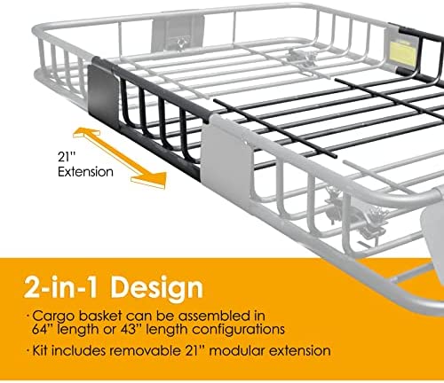 Basket Dimensions: Large Rack with extension, 64″L x 39″ W x 6″ H or Standard Rack, 43″x39″x6″ for smaller Roof size; Allows Travel with Excess Cargo like Luggage, Camping Equipment, Bags, Box; Included Steel Wind Fairing reduces wind resistance & noise
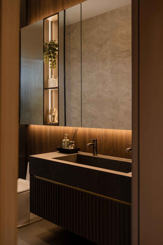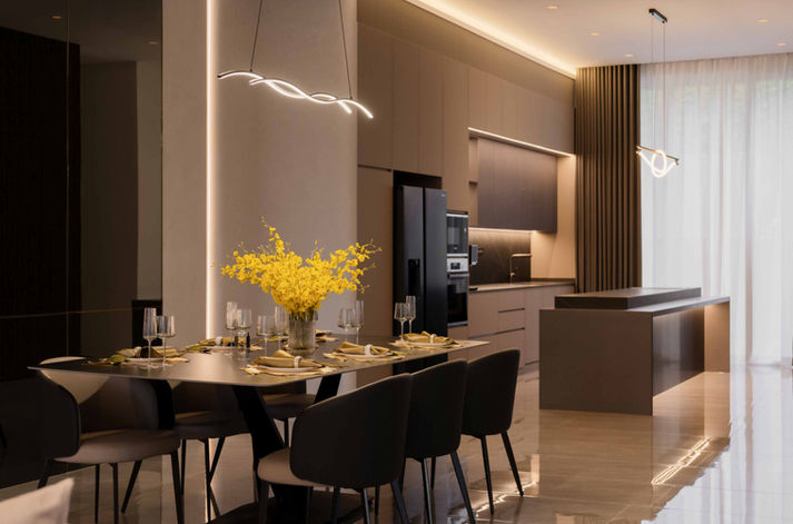 At Jalan Menarong, we designed a modern-luxury interior tailored for a family of four, blending elegance with personalized functionality. The living room features an 80-inch TV and a bespoke display area for the family’s prized toy collection, creating a space that is both stylish and personal.
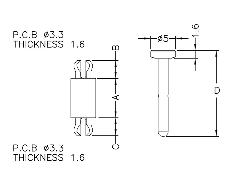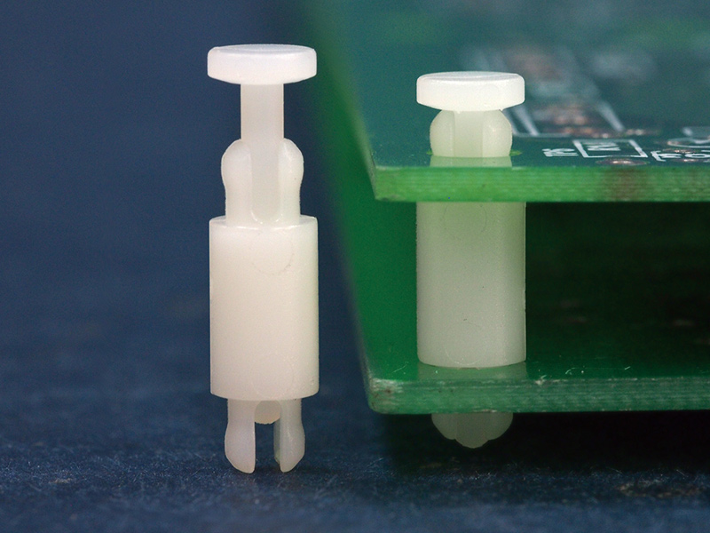 PCB support for 3.3 mm top and bottom panel hole. Firmly secured with removable locking pin (included). Standoff height 16 mm.
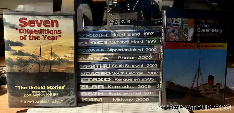 À vendre en parfait état, 10 DVD de la collection dxvideo.com de 9V1YC. Le détail est le suivant : - 1997 VK0IR Heard Island ; - 1999 ZL9CI Campbell Island ; - 2000 FO0AAA Clipperton Island ; Bouthan A52A - 2002 VP8THU South Sandwich ; South Georgia VP8GEO - 2005 FT5XO Kerguelen ; - 2006 ZL8R Kermadec ; - 2007 BS7H Scarborough Reef ; - 2009 K4M Midway. En cadeau, les DVD "Seven DXpeditions of the Year", par Bob Allphin, K4UEE et "The story of the Queen Mary and W6RO", par l'ARRL. ATTENTION : la plupart de ces DVD sont au format NTSC. À noter que ces vidéos sont disponibles en streaming sur des sites comme Vimeo par exemple. À prendre sur place dans le département 50 ou livraison Mondial Relay en sus.
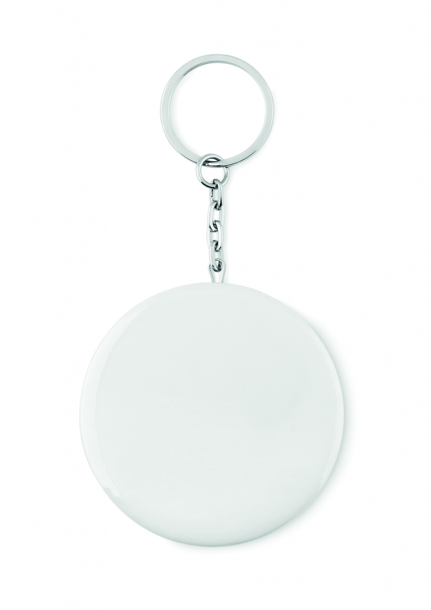 Key ring pin button and bottle opener with paper inlay. Ø5,8 CM. Minimum order quantity 25 pieces. For unprinted orders the item comes unassembled.
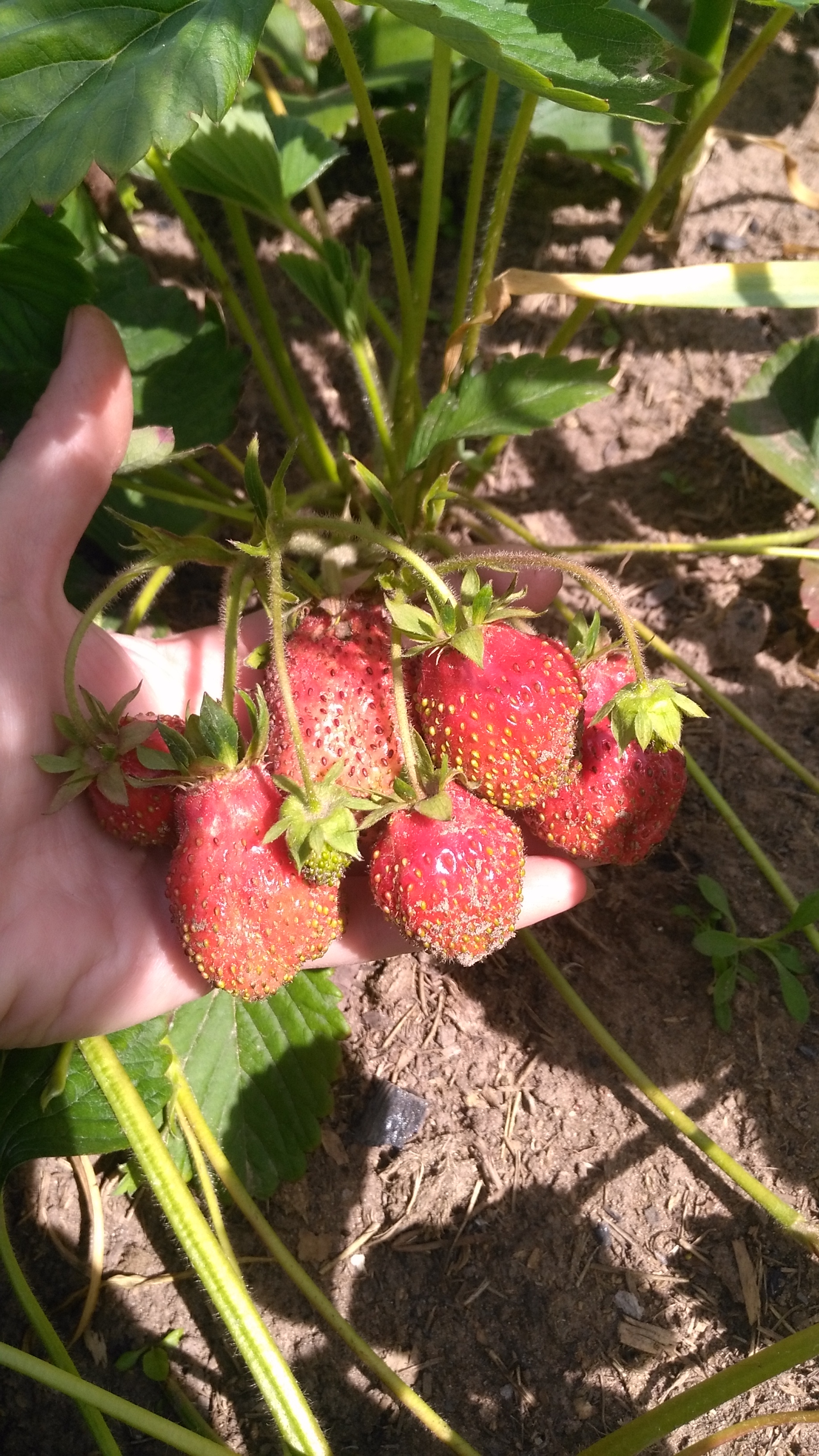 Мы из Удмуртии, да нынче погода совсем не радует, ночи до сих пор холодные, возможно из-за этого, несмотря на все обработки, на нескольких ягодах уже проявилась фитофтора((. Но, ягоды, на удивление начинают поспевать в обычные свои сроки. Как всегда одним из самых первых поспел Мармион. Это наверное самый любимый сорт, потому что нравится всем членам семьи, особенно детям. Сорт уже лет 9 в коллекции и очень надеюсь его сохранить. В моих условиях, Мармион почти идеальный сорт по зимостойкости, силе роста, урожайности, вкусу, устойчивости, а ещё из него самое вкусное варенье получается, т.к. ягода полностью поспевшая очень темная, почти черная. Даже в технической спелости, ягода сладкая . Единственным недостатком наверное можно назвать мельчание ягоды и среднюю транспортабельность и устойчивость к осадкам, но за вкус на это не обращаешь внимания. Про итальянцев, это точно)). Не каждый сорт пойдет в наших условиях. Большие надежды возлагала на сорт Гарда, но пока только разочарование. Первые ягоды вкус не набрали, хоть и очень красивые, но они в добавок ещё и слишком плотные и с выраженным хрустом, чего я просто не люблю. Будем наблюдать, на подходе ещё несколько итальянцев...

* * *

▶ EXERCISE REQUIREMENTS
Leave the pictures out. Output, exactly, the lines of the material above starting at the line containing "PCB support for" and ending at the line containing "Key ring pin".

▶ YOUR SOLUTION
 PCB support for 3.3 mm top and bottom panel hole. Firmly secured with removable locking pin (included). Standoff height 16 mm.
 À vendre en parfait état, 10 DVD de la collection dxvideo.com de 9V1YC. Le détail est le suivant : - 1997 VK0IR Heard Island ; - 1999 ZL9CI Campbell Island ; - 2000 FO0AAA Clipperton Island ; Bouthan A52A - 2002 VP8THU South Sandwich ; South Georgia VP8GEO - 2005 FT5XO Kerguelen ; - 2006 ZL8R Kermadec ; - 2007 BS7H Scarborough Reef ; - 2009 K4M Midway. En cadeau, les DVD "Seven DXpeditions of the Year", par Bob Allphin, K4UEE et "The story of the Queen Mary and W6RO", par l'ARRL. ATTENTION : la plupart de ces DVD sont au format NTSC. À noter que ces vidéos sont disponibles en streaming sur des sites comme Vimeo par exemple. À prendre sur place dans le département 50 ou livraison Mondial Relay en sus.
 Key ring pin button and bottle opener with paper inlay. Ø5,8 CM. Minimum order quantity 25 pieces. For unprinted orders the item comes unassembled.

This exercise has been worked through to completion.